What this task involves: Using the listing below, show all lines that hold the word "Lavandula".

Record excerpts:
★ ★ ★ ★ ★

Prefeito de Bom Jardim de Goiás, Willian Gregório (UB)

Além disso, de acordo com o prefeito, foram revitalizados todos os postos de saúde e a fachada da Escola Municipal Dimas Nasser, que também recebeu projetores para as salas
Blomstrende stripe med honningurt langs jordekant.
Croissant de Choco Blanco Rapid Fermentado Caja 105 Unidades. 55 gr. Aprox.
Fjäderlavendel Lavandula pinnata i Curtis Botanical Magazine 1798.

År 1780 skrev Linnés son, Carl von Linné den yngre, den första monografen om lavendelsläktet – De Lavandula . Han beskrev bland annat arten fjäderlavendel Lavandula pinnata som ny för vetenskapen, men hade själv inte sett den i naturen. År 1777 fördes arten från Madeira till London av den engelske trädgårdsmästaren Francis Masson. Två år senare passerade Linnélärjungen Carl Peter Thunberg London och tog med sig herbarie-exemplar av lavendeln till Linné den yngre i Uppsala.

★ ★ ★ ★ ★

Answer to this task:
Fjäderlavendel Lavandula pinnata i Curtis Botanical Magazine 1798.
År 1780 skrev Linnés son, Carl von Linné den yngre, den första monografen om lavendelsläktet – De Lavandula . Han beskrev bland annat arten fjäderlavendel Lavandula pinnata som ny för vetenskapen, men hade själv inte sett den i naturen. År 1777 fördes arten från Madeira till London av den engelske trädgårdsmästaren Francis Masson. Två år senare passerade Linnélärjungen Carl Peter Thunberg London och tog med sig herbarie-exemplar av lavendeln till Linné den yngre i Uppsala.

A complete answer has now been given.